* [Exercise prompt]: All records, minus the pictures: write them out exactly.

* [Extracted information]:
########

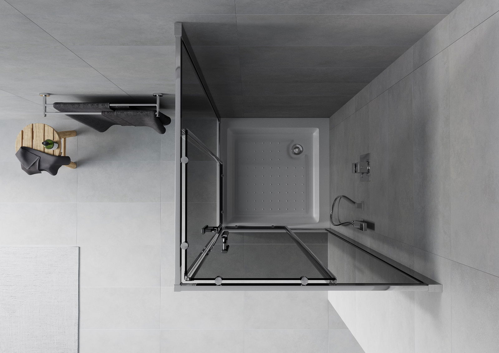 Mexen Rio квадратна душ кабина 80 x 80 см, графит, хром + корито Rio, бял - 860-080-080-01-40-4510
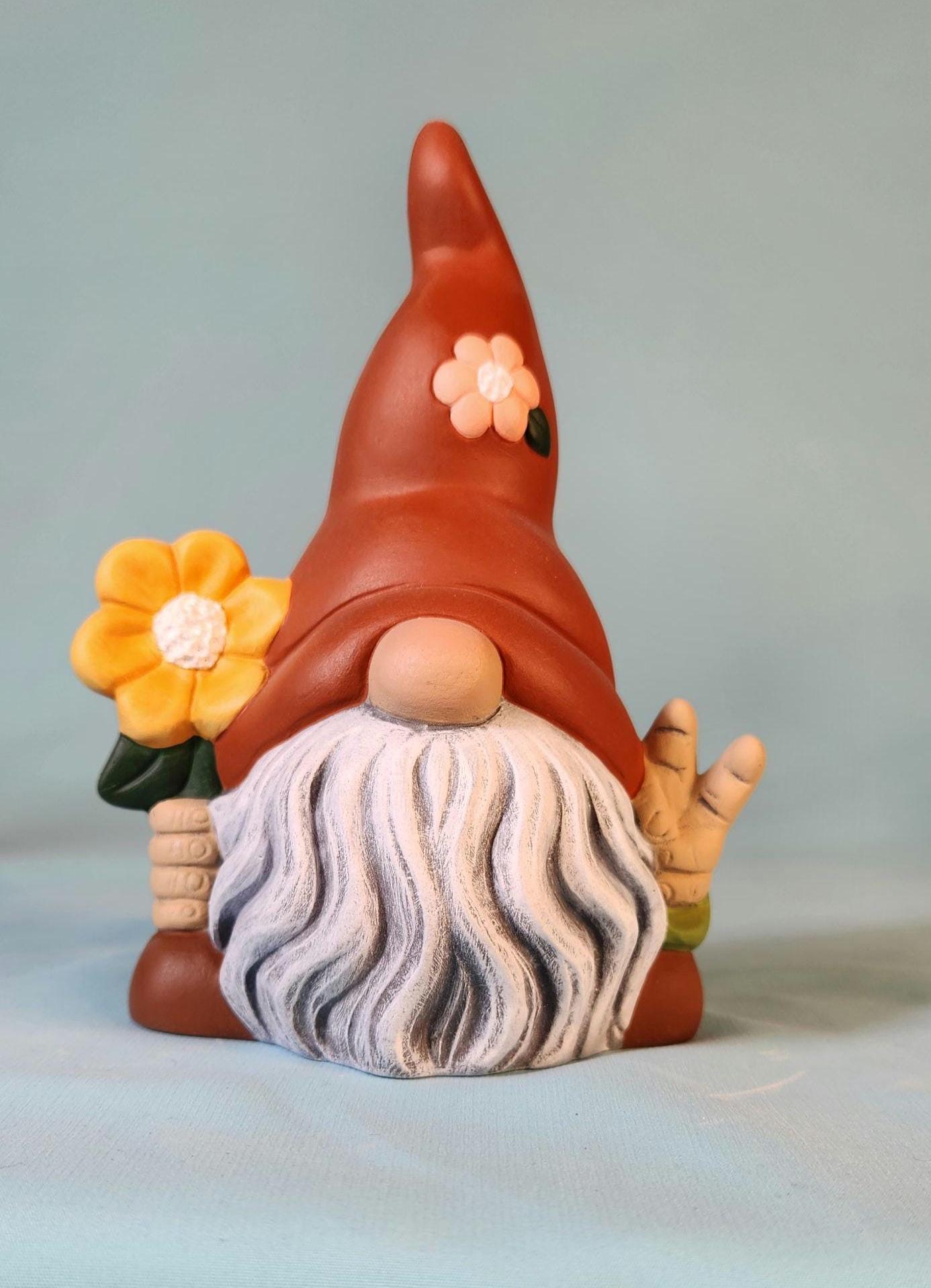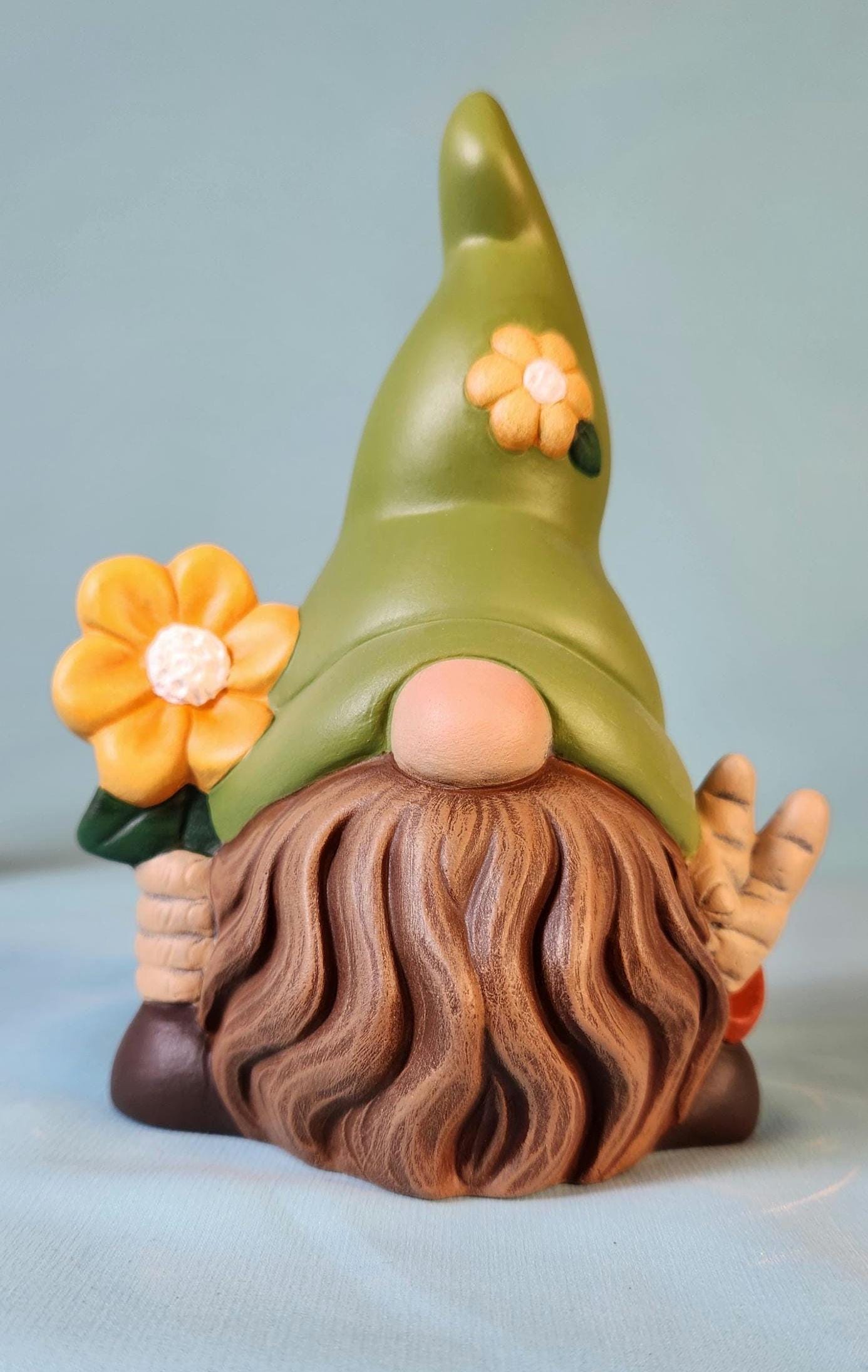 Welcome to your wonderful peaceful Gnome Home! These guys are the best. This is our popular peace gnome with some more wonderful palette swaps. We're doing Young Gnome beards on a couple of them, and a more soothing and relaxing Spring color palette. If you like the piece and want different colors, message me and let me know! I would be happy to swap some colors for you.
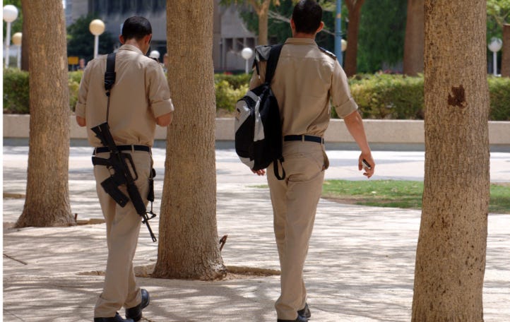 [Israeli soldiers at Ben-Gurion University, in Be’er Sheva, May 8, 2013.]
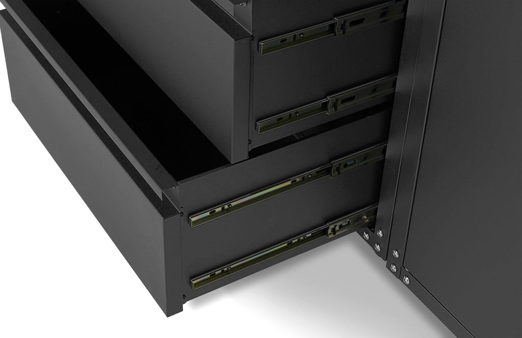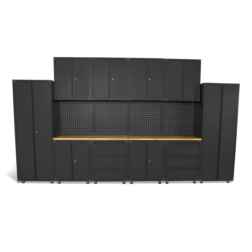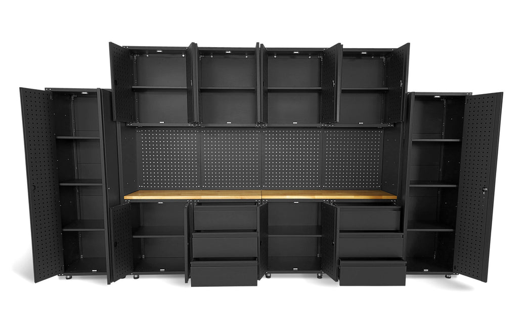Modulárny kovový nábytok do dielne, prémiová zostava s pracovným stolom 236,5 x 402 x 48,2cm, matná čierna, 16 dielov HBM Machines
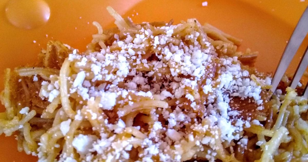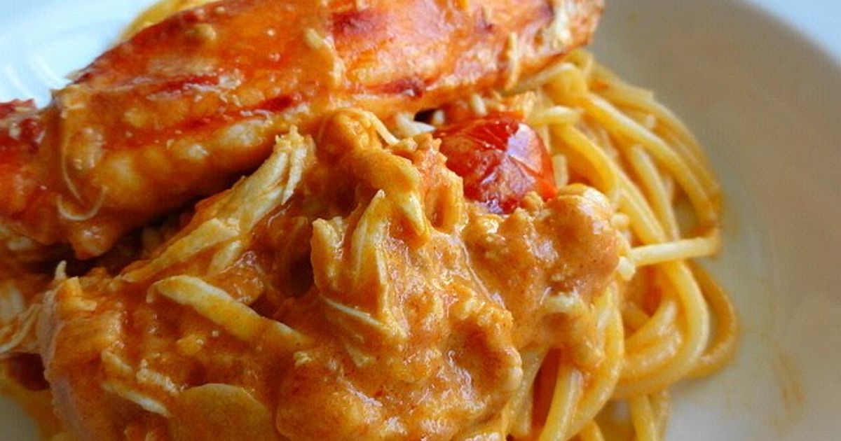 Mì sợi nhỏ nấu với nước sốt cà chua và ớt, cay nhẹ, đậm đà.
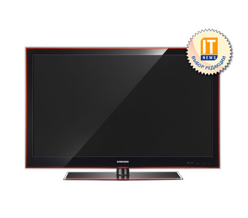 Сорокадюймовая модель компании. Перед нами строгий и вместе с тем привлекательный Crystal Design. Рубленные прямые грани, никаких легкомысленных скруглений, все четко и правильно, как Мерседес-"кубик". Не сразу, но все-таки бросается в глаза переход цвета на самой кромке рамки телевизора, и тут-то понимаешь, что Samsung не зря сделал ставку именно на Crystal Design – если телевизор регулярно протирать от пыли и отпечатков пальцев, он завораживает. А протирать, увы, придется постоянно, так как глянцевая поверхность так и просит, чтобы к ней коснулись пальцами.

########

* [Answer space]:
 Mexen Rio квадратна душ кабина 80 x 80 см, графит, хром + корито Rio, бял - 860-080-080-01-40-4510
 Welcome to your wonderful peaceful Gnome Home! These guys are the best. This is our popular peace gnome with some more wonderful palette swaps. We're doing Young Gnome beards on a couple of them, and a more soothing and relaxing Spring color palette. If you like the piece and want different colors, message me and let me know! I would be happy to swap some colors for you.
 [Israeli soldiers at Ben-Gurion University, in Be’er Sheva, May 8, 2013.]
Modulárny kovový nábytok do dielne, prémiová zostava s pracovným stolom 236,5 x 402 x 48,2cm, matná čierna, 16 dielov HBM Machines
 Mì sợi nhỏ nấu với nước sốt cà chua và ớt, cay nhẹ, đậm đà.
 Сорокадюймовая модель компании. Перед нами строгий и вместе с тем привлекательный Crystal Design. Рубленные прямые грани, никаких легкомысленных скруглений, все четко и правильно, как Мерседес-"кубик". Не сразу, но все-таки бросается в глаза переход цвета на самой кромке рамки телевизора, и тут-то понимаешь, что Samsung не зря сделал ставку именно на Crystal Design – если телевизор регулярно протирать от пыли и отпечатков пальцев, он завораживает. А протирать, увы, придется постоянно, так как глянцевая поверхность так и просит, чтобы к ней коснулись пальцами.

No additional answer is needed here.